By voiding urethrocystography (combined with fluoroscopy) under the use of “spot” film, the author made researches in the movements of the bladder base and posterior urethra during the course of micturition about 35 normal cases and 115 pathologic cases. The method is as follows: the patient was given 4-6 exposures in one film at 45 degrees oblique and standing position during the act of micturition. (In case of neurogenic bladder, at the antero-posterior and supine position.) 15% sodium iodide or double diluted sugiuron was used as the contrast medium, and retrogradely injected into the bladder with a rubber catheter.
1) The contrast medium, which was injected into the bladder, was controlled at the level of the internal or external sphincter except more than half of neurogenic bladder and each case of prostatic cancer, tuberculosis, prostatitis and prostatic hypertrophy. And after prostatectomy, it was generally controlled at the level of the external sphincter. Therefore, as the closing mechanism of the urethra, the internal sphincter and the external sphincter are discriminated. Especially the function of the external sphincter is regarded to be the more important in the control of micturition.
2) At the beginning of micturition, the bladder base descends in most cases and ascends in a few cases, and the internal orifice descends in all cases who can void. From the active phase of micturition till the terminal phase, the bladder base ascends in all cases having no or a little residual urine, but in one case of chronic cystitis, it is observed to descend.
3) At the active phase of micturition, the normal width at the level of the intertal orifice is 6-15mm, and that at the level of the external sphincter is more than 3mm. The width varies according to the kind of disease.

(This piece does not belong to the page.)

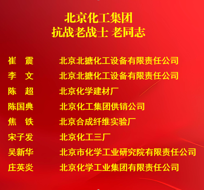 此次纪念章的颁发,既是对革命先辈的礼敬,也是一次深刻的党性教育,更是对那段伟大抗战历史的铭记和对伟大抗战精神的传承。北京化工集团全体干部职工将铭记历史功勋,赓续红色血脉,将抗战精神转化为推动集团发展的强大动力,在新时代新征程上续写更辉煌的高质量发展篇章!

4) In order to find out the correlation of the dilating function of the posterior urethra, the author calculated the rate of dilation (the rate of the level of the internal orifice to that of the external sphincter, the supracollicular portion and the level of vermontanum), and then the mechanism of micturition could be objectively observed.
5) In case of voiding urethrocystography, the reflux of the contrast medium was observed in higher rate than in retrograde urethrocystography.
6) The external sphincter takes a great part in the mechanism of voluntary interruption of micturition.
7) For the examination of the dilating function of the posterior urethra, voiding urethrocystography is the most suitable, and the direct exposuie is very valuable in clinical diagnosis, because the change of forms can be observed in detail by it.